Open the Windows Security app, select Device Security, and look for the Secure Boot status indicator. A green badge means the transition is complete. Alternatively, navigate in the Registry Editor to HKLM:SYSTEMCurrentControlSetControlSecureBootServicing and check the UEFICA2023Status value — it should read “Updated” on a fully migrated device. Microsoft’s full guidance hub is at aka.ms/GetSecureBoot.
Does the Secure Boot certificate expiry affect Linux or dual-boot systems?
Yes. Every major Linux distribution that supports Secure Boot relies on a first-stage bootloader called Shim, signed by the Microsoft Corporation UEFI CA 2011 certificate that expires June 27. Red Hat released a dual-signed Shim for RHEL 8, 9, and 10 on June 10, 2026; Ubuntu, Debian, and Fedora have issued equivalent updates.
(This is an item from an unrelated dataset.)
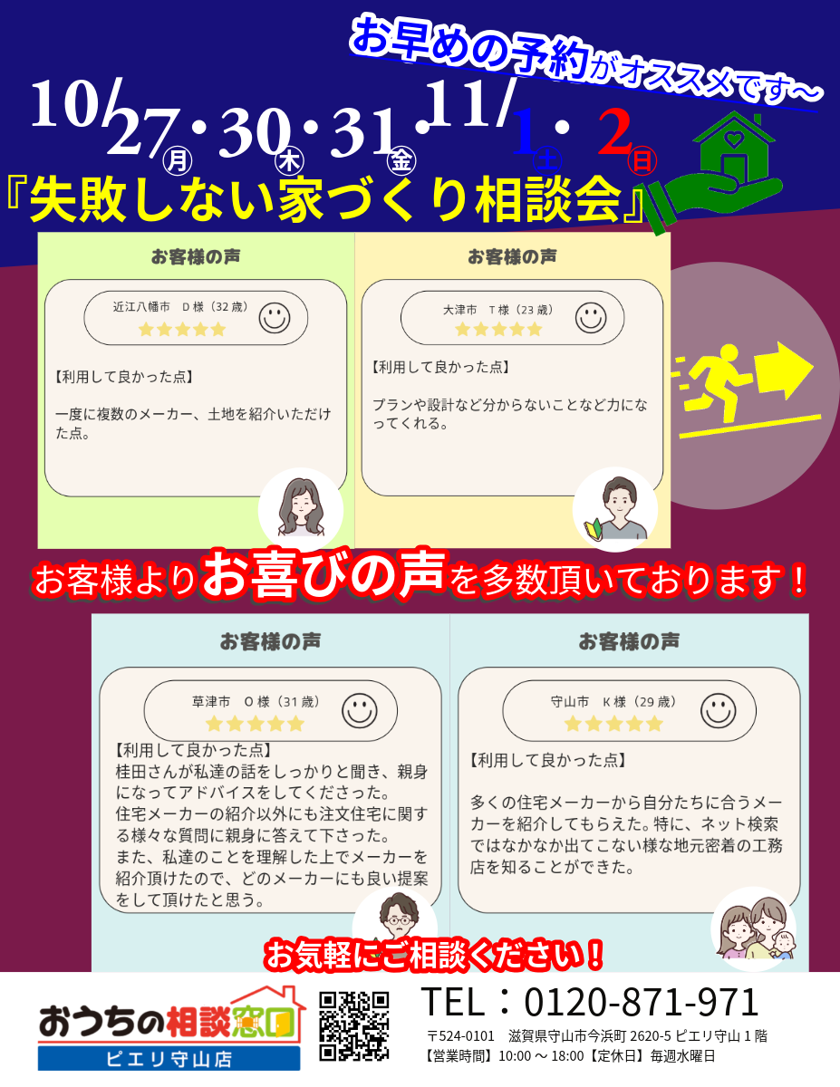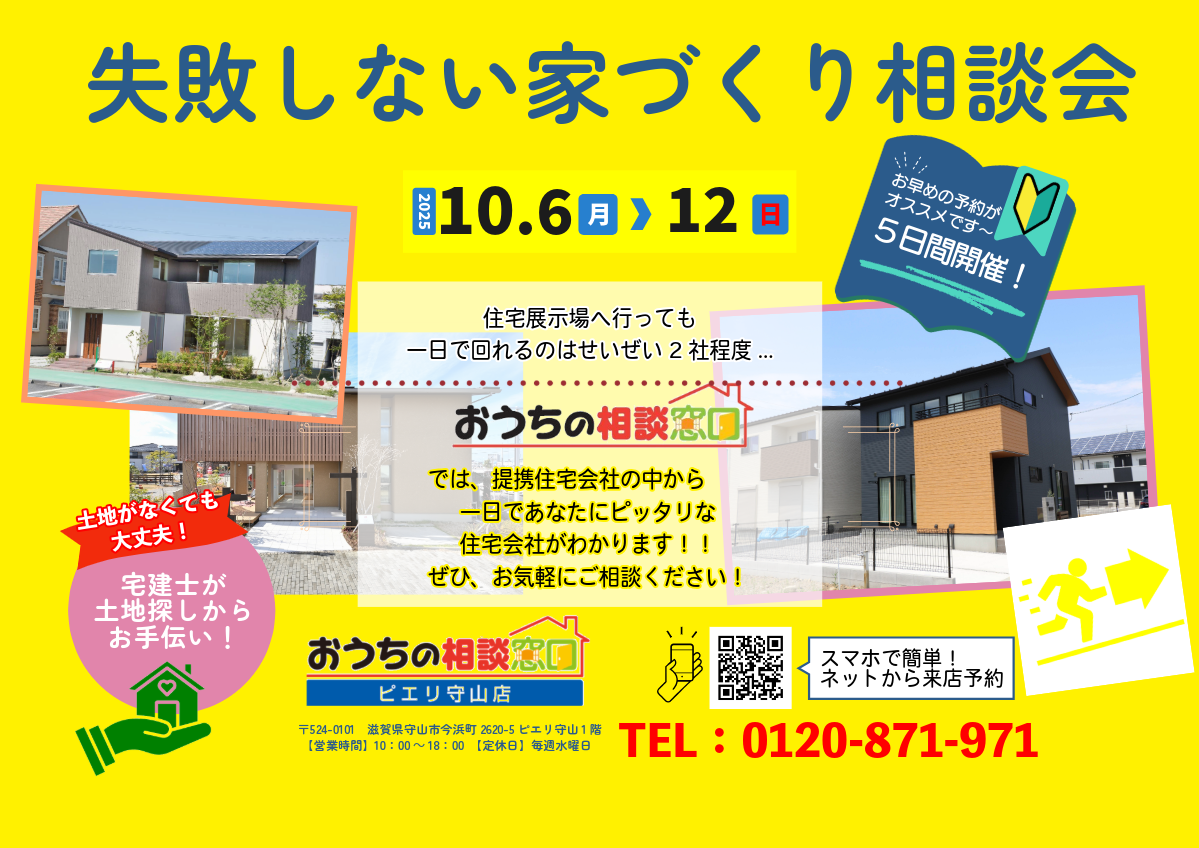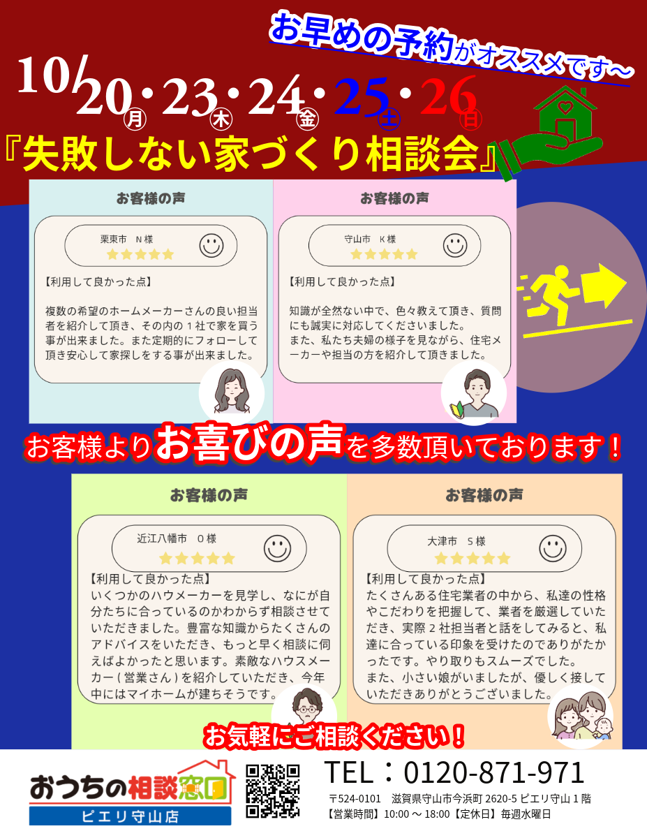 2025年10月13日(月) 家づくり相談会 10/20(月)・23(木)・24(金)・25(土)・26(日)は『失敗しない家づくり相談会』を開催❢おうちの相談窓口ピエリ守山店♪

On dual-boot systems, after the UEFI CA 2011 expires, only Shim versions signed with the 2023 certificate will be trusted on devices that have made the transition — so firmware and Linux package updates should ideally happen in coordination.
What is a DBX revocation and why does it matter after this deadline?
The DBX, or Forbidden Signature Database, is the Secure Boot blocklist stored in firmware. When a bootkit or vulnerable bootloader is discovered, Microsoft adds its cryptographic signature to the DBX and pushes the update to connected devices. That update requires a valid KEK to authorize it. After the KEK CA 2011 expires, a device that has not received the 2023 replacement can no longer accept new DBX entries — meaning every future bootkit discovered after June 24 has a permanent, unblockable path into unupdated devices’ boot chains.